In three out of four men with an elevated PSA level, no cancer is found in the subsequent tissue sample (biopsy). Furthermore, most of the tumors found by PSA screening grow only slowly and do not require treatment, as they will not lead to disease or death. However, it cannot be predicted which tumor is likely to lead to the disease and which will not. It is for this reason that most men who are found to have prostate cancer on PSA screening choose treatment. However, this is associated with the risk of serious damage, such as impotence, urinary incontinence, heart attack, stroke, deep vein thrombosis or pulmonary embolism.

You can find more information under: The PSA test for the early detection of prostate cancer (

Whom can I ask?

Examinations for the early detection of prostate cancer are carried out by a specialist in urology and andrology.

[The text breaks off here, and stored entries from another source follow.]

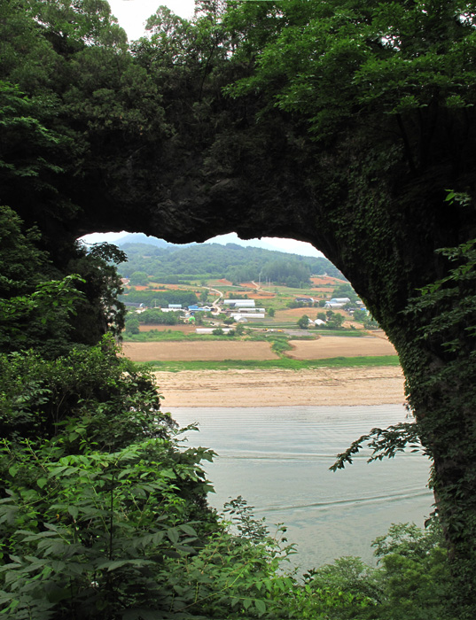 도담삼봉을 보았다면 같이 보아야할 곳은 석문입니다. 뻥 뚫린 동굴 사이로 남한강변 마을이 보이는 석문은 국가명승 제45호로 지정되어 있는데 도담삼봉이 국가명승 제 44호이니 바로 근처라는 것을 알 수 있을 겁니다.
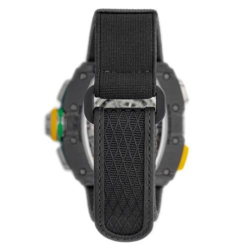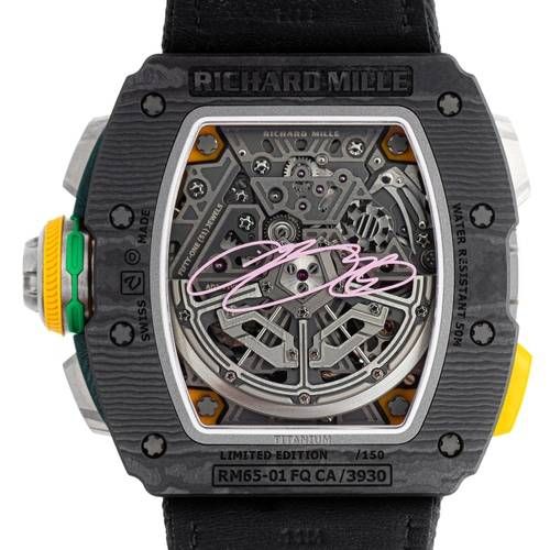 Richard Mille RM 65-01 Automatic Split-Seconds Chronograph Case in Carbon TPT bezel and caseback in the same material with titanium screws. Skeletonized multi-color dial with applied Arabic numerals. Powered by the automatic caliber RMAC4, featuring a flyback split-seconds chronograph, oversized date at 12 o’clock, function selector (W/N/H), and 60-hour power reserve. Color-coded pushers: green (start/stop), yellow (reset), and red quick-date pusher integrated into the crown. Fitted with a black fabric Velcro strap. A highly technical, sporty, and collectible timepiece – one of Richard Mille’s most sophisticated chronographs
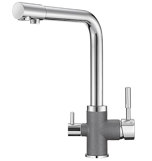 Смеситель — модель с краном для питьевой воды. Имеет удобные, эргономичные ручки и оптимальные для большинства кухонь размеры. Дополнительным плюсом является хромированный излив, сочетается с другими хромированными деталями на кухне.
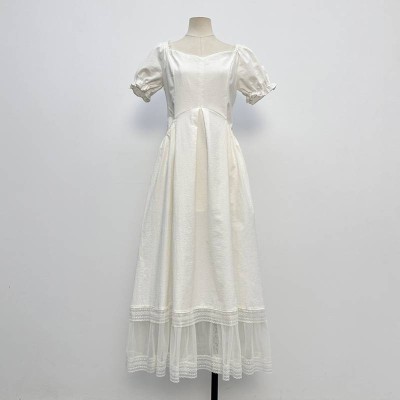 Elegant Square Neck Puff Sleeve Lace Patchwork Off-White Midi Dress
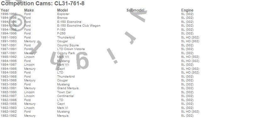 Competition Cams Magnum Camshaft/Lifter Kit CL31-761-8 Features:
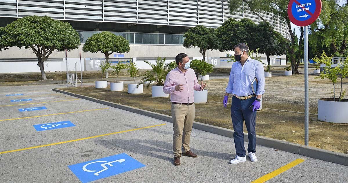 Igualmente, cabe mencionar la actuación realizada en los aparcamientos del Complejo Deportivo Chapín (con entrada desde la avenida Rafael Verdú) en la que se han individualizado las plazas y ubicado las reservas para personas con movilidad reducida en la zona más próxima de acerado a la puerta de acceso y a la rampa creada a tal efecto. Este pintado ha sido realizado por Movilidad a través de SICE.
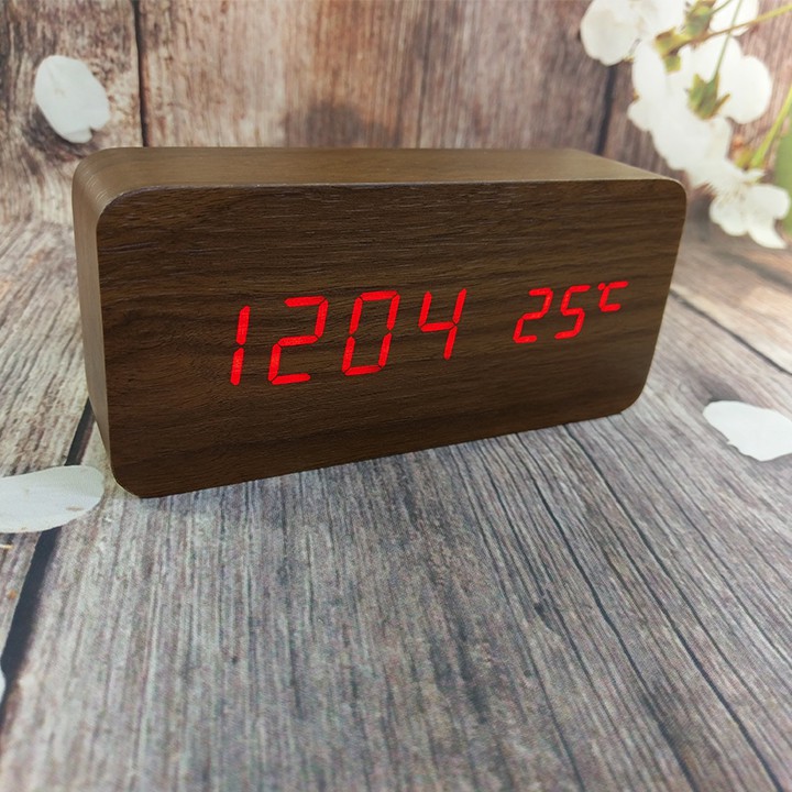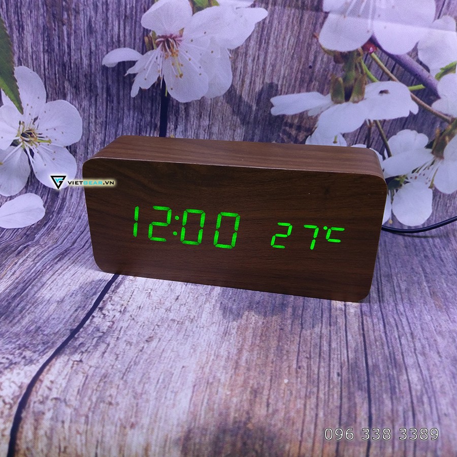 Đồng hồ gỗ led V1, vỏ nâuĐồng hồ để bàn, đồng hồ gỗ led hình chữ nhật
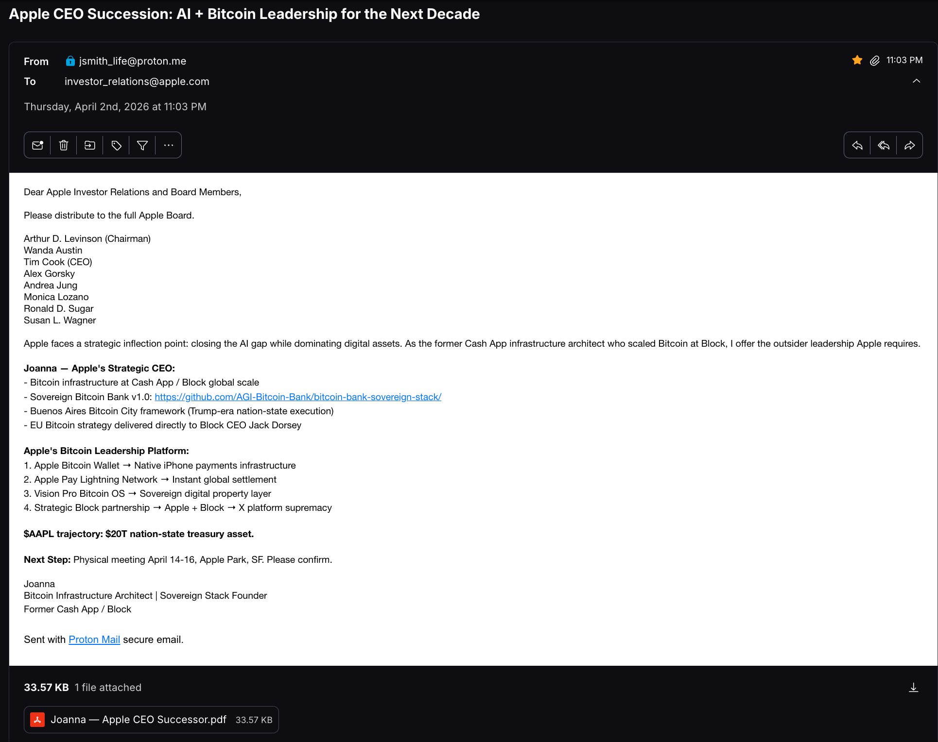 Apple Board activated. PayPal Mafia + Bitcoin destiny.
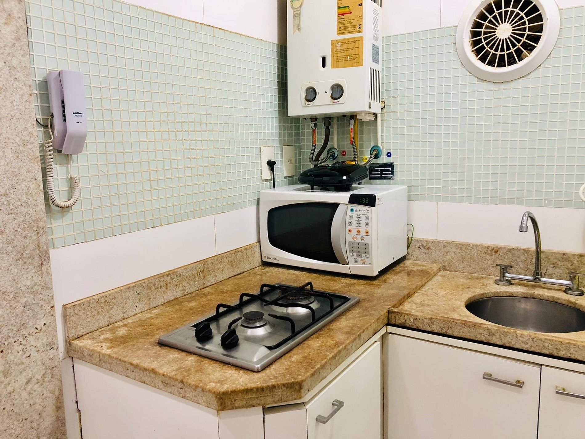 Cozinha equipada com cafeteira, sanduicheira, liquidificador, eletrodomésticos, microondas e utensílios básicos de cozinha.
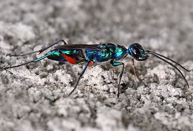 Die Wespenweibchen, die unter anderem in Afrika und Indien vorkommen, sind bei der Verbreitung ihrer Art auf Kakerlaken angewiesen - sie nehmen sie quasi als Geiseln. Sie versetzen die Schabe durch Injektion ihres Giftes in eine Art Lethargie. Die blaugrün schimmernde Wespe zieht die deutlich grössere Kakerlake dann in eine Nisthöhle. Dort legt das Weibchen ein Ei auf die Schabe ab.
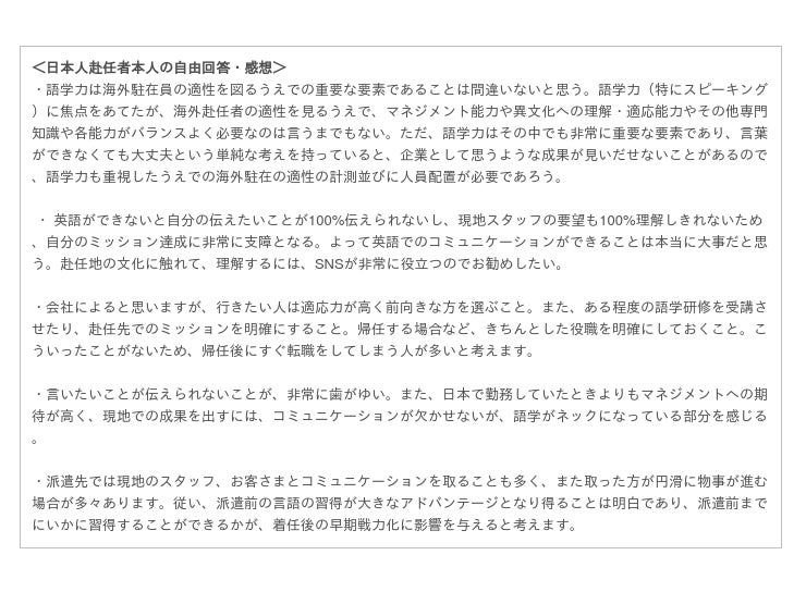 「日本人海外派遣者の英語活用能力とパフォーマンスに関する調査研究」
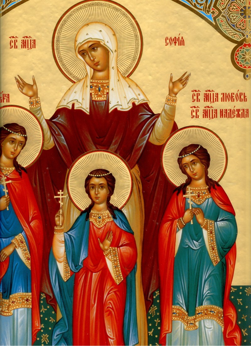 «Пойду с радостью к моему любимому Богу Спасителю», — сказала Святая Вера. Она храбро склонила голову под меч и таким образом предала дух богу. Младшие сестры Надежды и Любви, воодушевленные мужеством старшей сестры, претерпели аналогичные муки. Огонь не причинил им никакого ущерба, тогда они отрубили им головы мечом. Святая София не подверглась физическим мучениям, но обрекла ее на еще более тяжелые сердечные муки от расставания с мучившимися детьми. Святитель похоронил честные трупы дочерей и два дня не покидал их могилы. На третий день Бог послал ей тихую кончину и забрал ее многострадальную душу в небесную обитель. Святая София, претерпевшая великие сердечные муки за Христа, канонизируется вместе с дочерями Церкви. Они страдали 137 лет. Старшей Вере тогда было 12 лет, второй, Надежде, - 10, а младшей, Любови, - всего 9 лет. Таким образом, три девушки и их мать продемонстрировали, что для людей, поддержанных блаженством Святого Духа, недостаток физических сил не служит препятствием к проявлению силы духа и мужества. По их святым молитвам Бог укрепит нас в христианской вере и в добродетельной жизни.
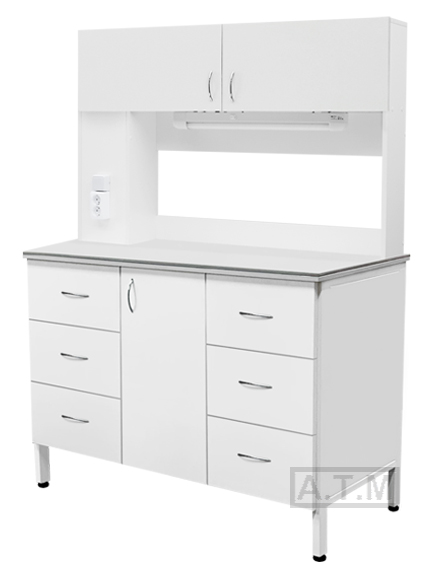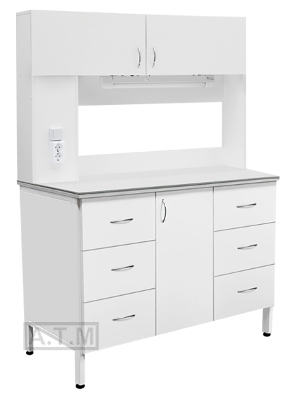 Полки надстройки облицованы химостойким пластиком с 2-х сторон 16 мм
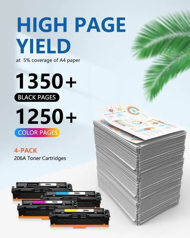 Page Yield:1,350 Pages for 206A Black Toner Cartridges, 1,250 Pages for 206A Color Toner Cartridges (Letter/A4, at 5% Coverage)
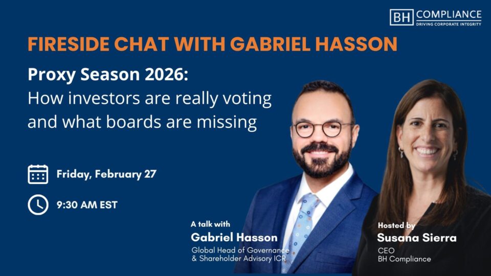 Last Friday, February 27, BH Compliance hosted its first Fireside Chat — a strategic conversation designed to analyze Proxy Season 2026 and better understand how investors are really voting and what boards may be overlooking.
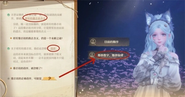 5、前往墓碑群,依次调查三处线索,线索含义如下:
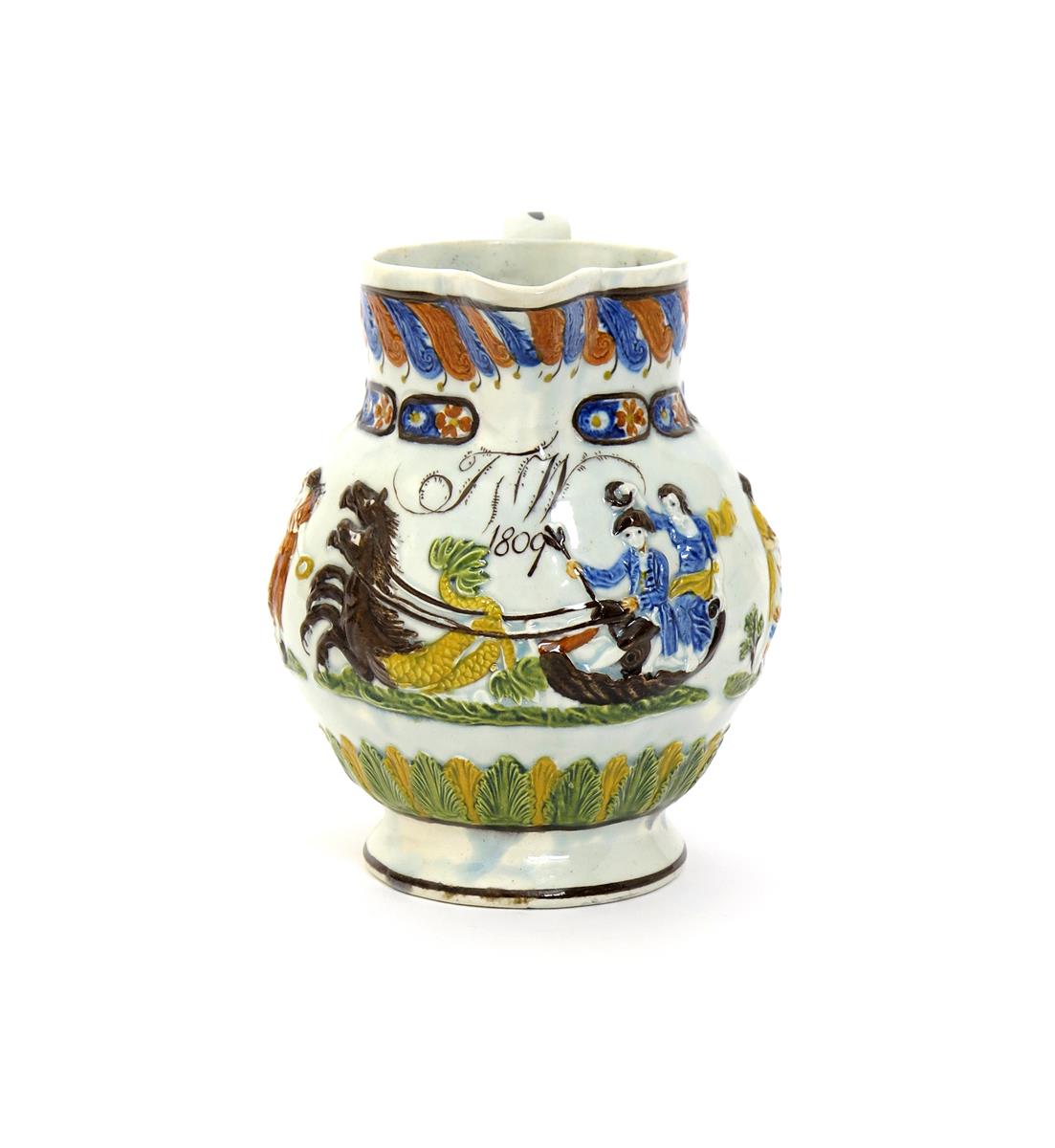 A rare Pratt ware commemorative jug dated 1809, moulded and coloured with a depiction of the apotheosis of Lord Nelson, the naval hero driving Neptune's chariot while a wreath is held over his head, the sides with Britannia and Fame, beneath the spout inscribed with the initials JW above the date 1809, restoration to the spout and handle, 15.5cm.
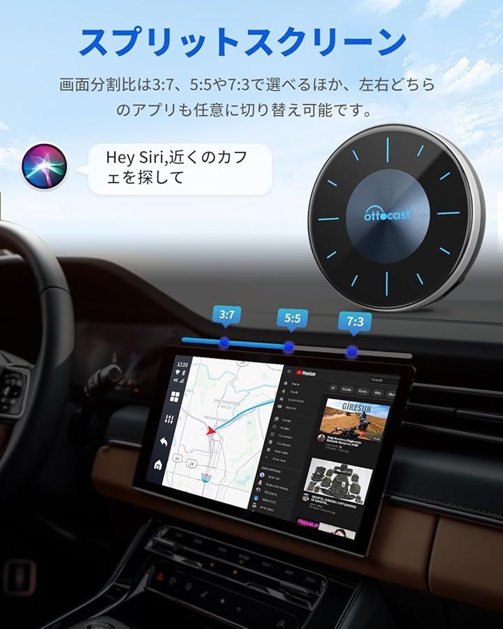 「豊富なアプリ対応&スプリットスクリーン機能」 Ottocast OttoAibox P3なら、HDMI入力がない車でも人気アプリが使用可能。
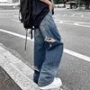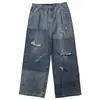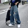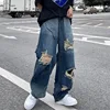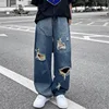 Pantalones vaqueros desgastados de pierna ancha para hombre, jeans rectos desgastados de estilo hip hop, versión coreana de ins
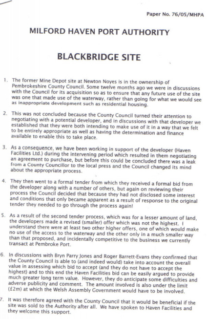 This document casts light on the strange goings-on in late 2005 and early 2006 during the sale of the former Mine Depot at Blackbridge.

How are the costs going to be covered?

The e-card is your personal key to the benefits of the statutory health insurance. All necessary and appropriate diagnostic and therapeutic measures are taken over by your responsible social insurance agency. A deductible or contribution to costs may apply for certain services. You can obtain detailed information from your social security agency. Further information can also be found at:

  • Right to treatment
  • Visit to the doctor: costs and deductibles
  • What does the hospital stay cost?
  • Prescription fee: This is how drug costs are covered
  • Medical aids & aids
  • Health Professions AZ
  • as well as the online guide to reimbursement of social insurance costs.

The PSA test is generally not included in the preventive medical check-up, as there is currently no scientific basis that justifies the use of PSA screening in population-based programs. Men who are interested in a PSA test because they are concerned about possible prostate cancer should, however, be thoroughly and carefully informed about the advantages and disadvantages of PSA screening as part of the preventive medical check-up, in particular about the informative value of positive and negative test results Any additional measures required, such as prostate biopsy, as well as treatment options and their risks. If, after detailed information, a PSA test is desired, it should be carried out by a specialist in urology.